Dating App Bumble Used a Food Truck to Fry Up 'Catfish'
When browsing through a dating app, weeding out the weirdos is priority number one. But at the same time, you also have to be wary of the "too good to be true" profiles. Yes, you're amazing and clearly the coolest, most attractive people want to date you, but even an awesome single like yourself can still be the target of "catfishing"—getting conned by someone using a false profile. The app Bumble, which sets itself apart from other dating apps by requiring women to make the first move, recently added a new feature to hopefully prevent such fake activity and figured the best way to spread the word would be with literal catfish.
To promote its new "Photo Verification" feature which requires users to snap selfies in specific poses to prove they aren't using someone else's pics, last week, Bumble handed out actual catfish-based dishes from a food truck parked in a few locations around New York, including in the heart of Brooklyn's hip Williamsburg neighborhood. The bright yellow Airstream branded with the name "Great Catch: Catfish Just Got Served" offered free catfish creations like sliders and blackened fish tacos crafted by Top Chef contestant Sam Talbot to anyone who downloaded the Bumble app. Hammering home the message were other branded items, including cups that read, "Bottoms Up, Bottom Feeders Down."

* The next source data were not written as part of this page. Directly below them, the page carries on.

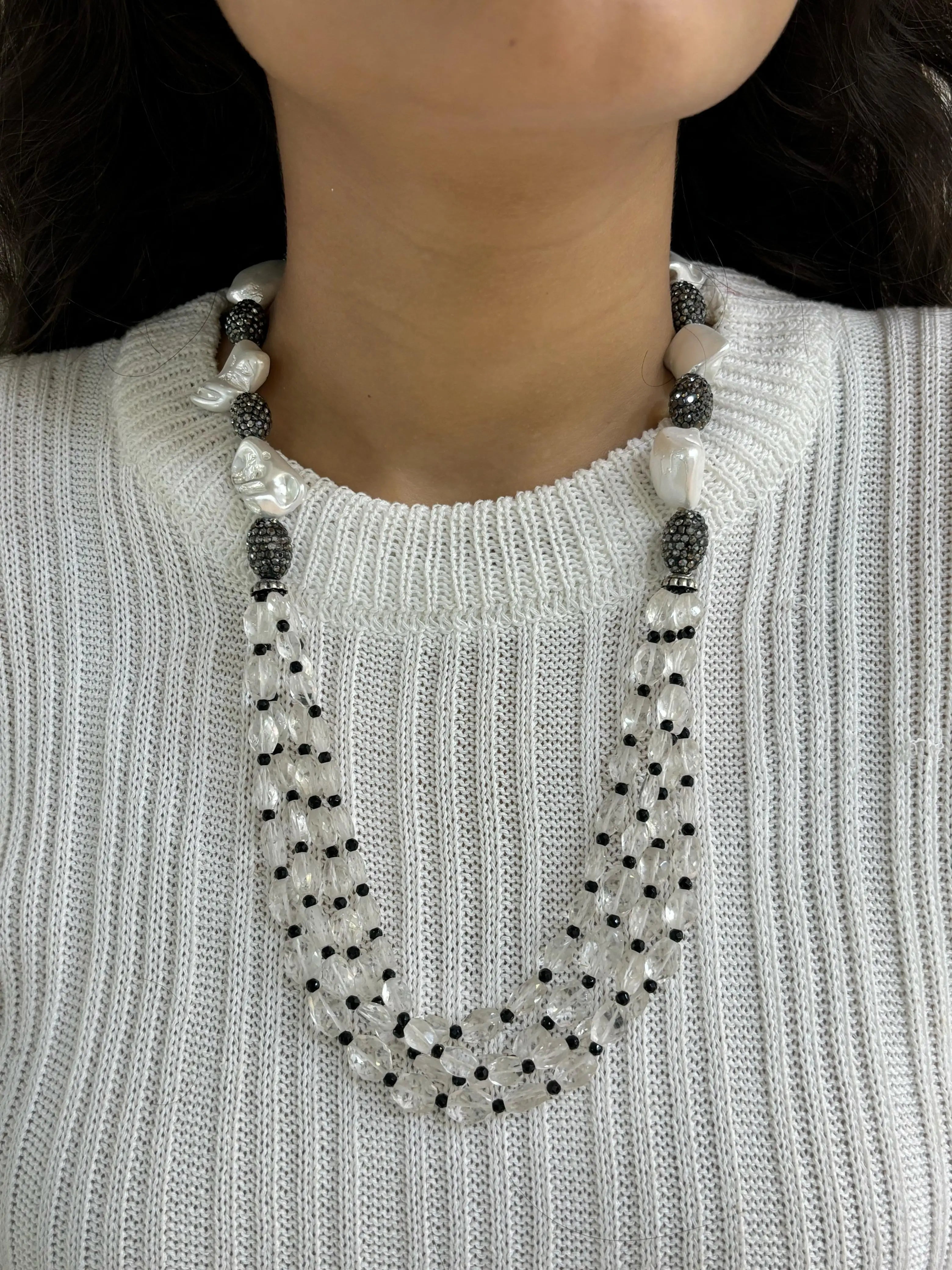 Discover the grace and beauty of our handcrafted Fancy Pearls and Natural Rock Crystal Beads Jewellery Necklace Set. Available online, this stunning set features long-faceted sphatik (natural rock crystal) beads, black crystal beads, and fancy black ad beads, carefully crafted for the modern woman. The natural faceted rock crystal beads add a serene, refreshing vibe, while the tumble-shaped pearls offer an elegant touch to your ensemble.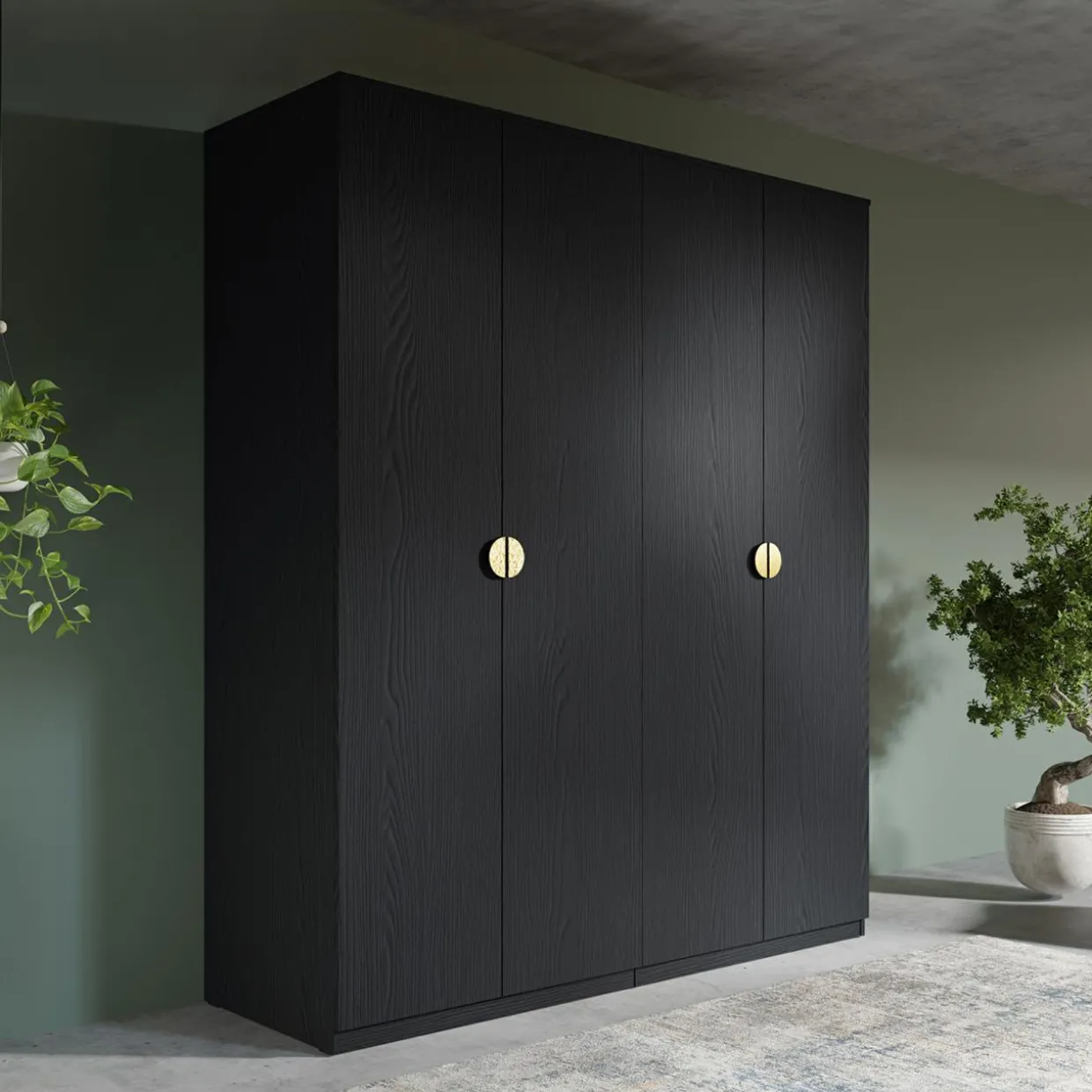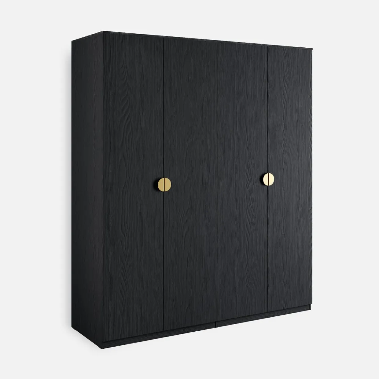 Szafa MOND sprawdzi się w sypialni dla dwojga — 2 drążki na ubrania ułatwią rozdzielenie eleganckiej garderoby i kurtek, a półki pozwolą na poukładanie reszty ubrań.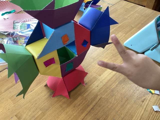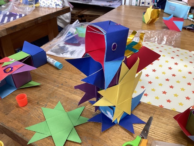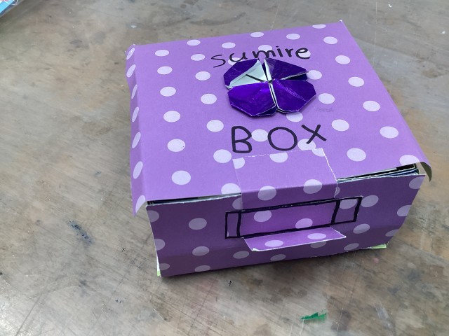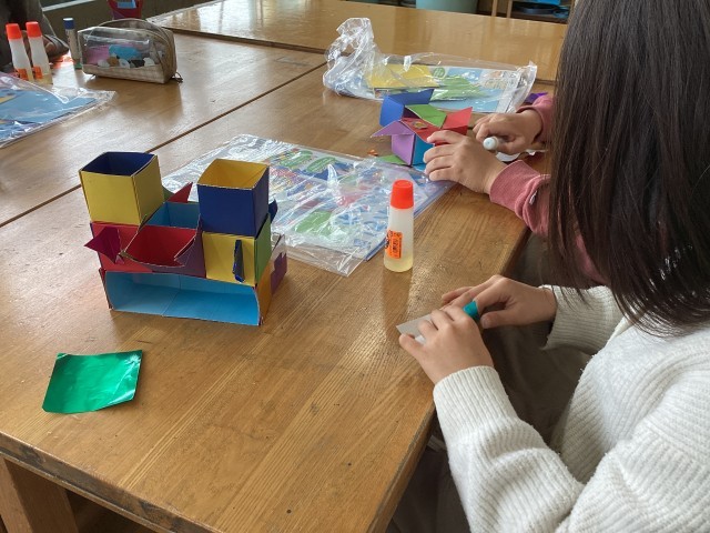 使って楽しい小物入れを考え、いろいろな形の箱の組み合わせ方を工夫してつくりました。お家で使うことを楽しみながら活動することができました。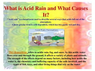 Acid rain is caused by emissions of sulfur dioxide and nitrogen oxides from fossil fuel combustion. When these gases mix with water vapor and rain, they produce acid rain that falls to Earth. Acid rain damages trees, aquatic life in lakes and streams, buildings, and can harm human health. It harms trees by causing leaves and needles to turn brown and fall off, and damages fish by raising acid levels in lakes and killing eggs and fish. Acid rain also dissolves stonework on buildings. To mitigate acid rain, power plants can install emissions scrubbers, people can reduce electricity usage, and vehicles can install catalytic converters.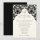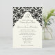 Ivory Linen and Black Damask Monogrammed Inbjudan
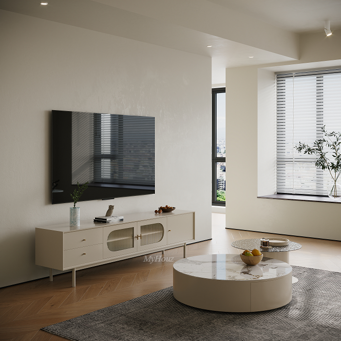 Materials: matte cream lacquered + environmental protection board +tempered glass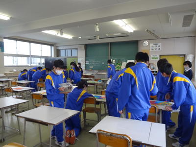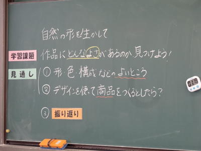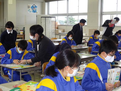 今日は、1年2組の美術科の授業研究会。自然の形を生かしてデザインした「平面構成」を相互に鑑賞する授業です。生徒達は、形の魅力や構成の工夫、色使い等の観点から、美術用語を用いて隣の人の作品を鑑賞・分析した後、「このデザインを使って商品をつくるとしたら?」という視点で多くの級友の作品を観察し、デザインを生活に結びつけて考えていました。生徒達のユニークな発想に驚かされました。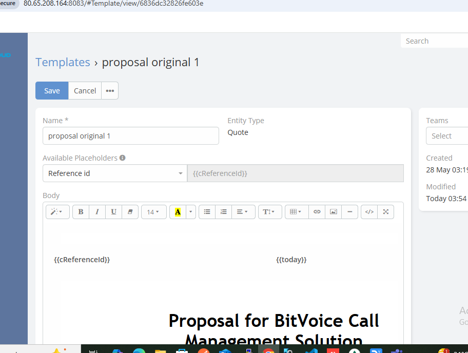 I’ve added a custom auto-increment field cReferenceId in the Quote entity. It shows correctly in the Entity Manager and is available as a placeholder {{cReferenceId}} in the PDF template.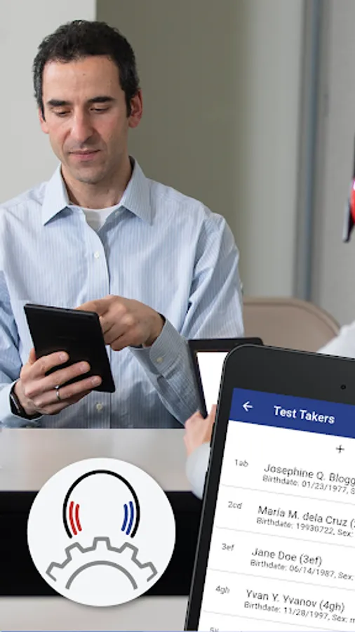Manage testing of groups with the Audhere Admin app and the Audhere Test Taker app installed on separate tablets or conduct one-on-one testing with the Audhere All-in-One app installed on a single tablet. The system can be used in conference rooms, waiting areas, classrooms, occupational exam rooms, and more!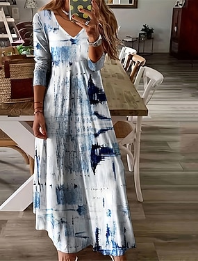 Mujer vestido largo vestido largo Vestido informal Vestido Estampado Moda Moderno Diario Playa Fin de semana Ajuste regular Graphic Manga 3/4 Escote en Pico Azul Piscina Negro Verde Trébol Primavera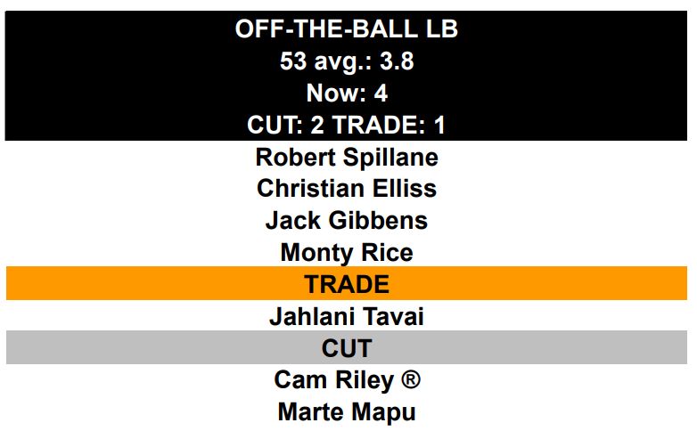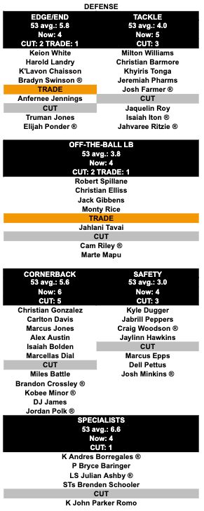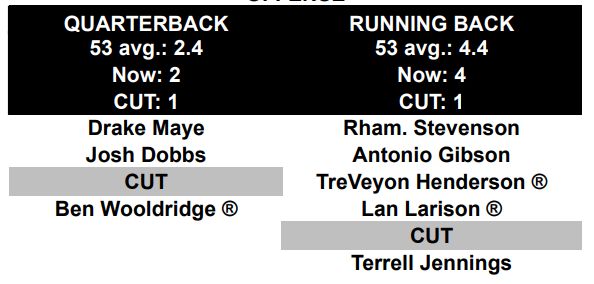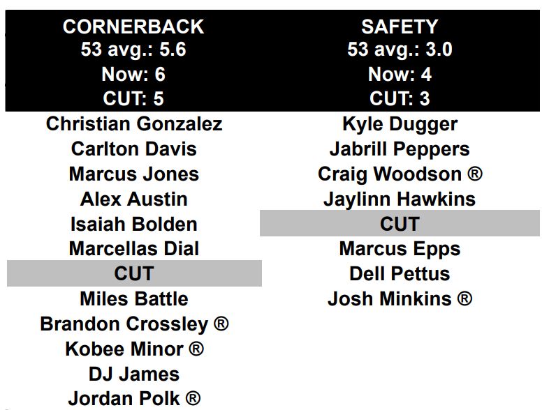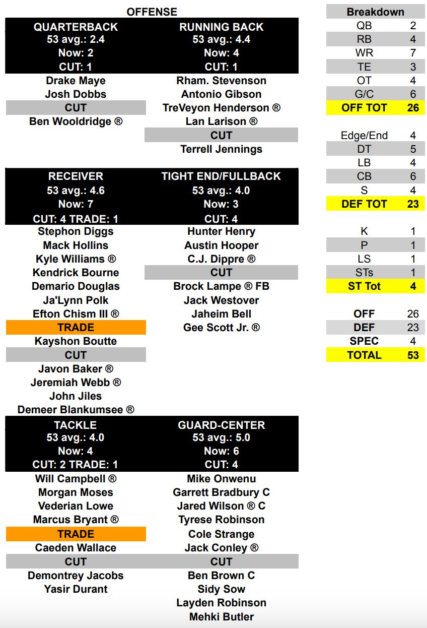 The only name I really debated over was Antonio Gibson. For now, I am keeping him because it's so early for the two rookies that we don't know exactly what they are capable of. Really like Gibson as a player and he's the perfect veteran backup to relieve Stevenson and cover at passing back. But Henderson could easily make Gibson expendable, and I do think the Patriots could ultimately get a late-round pick for him from a contender looking for veteran help. I'm just not ready to go there yet. Practice squad would be a better place for a veteran option should injuries become a factor.

"I don't think something like photo verification is a really sexy feature to talk about," Krystle Loyland, CEO at Preacher, the Austin-based agency behind the campaign, told AdAge, "but it's a really important one… You've got to do that in a playful way." It's certainly an interesting promotion, but though handing out catfish is about as playful as it comes, at the same time, the scent of freshly blackened catfish doesn't necessarily fit under the umbrella of "sexy" either – even if it does come from a super cool food truck.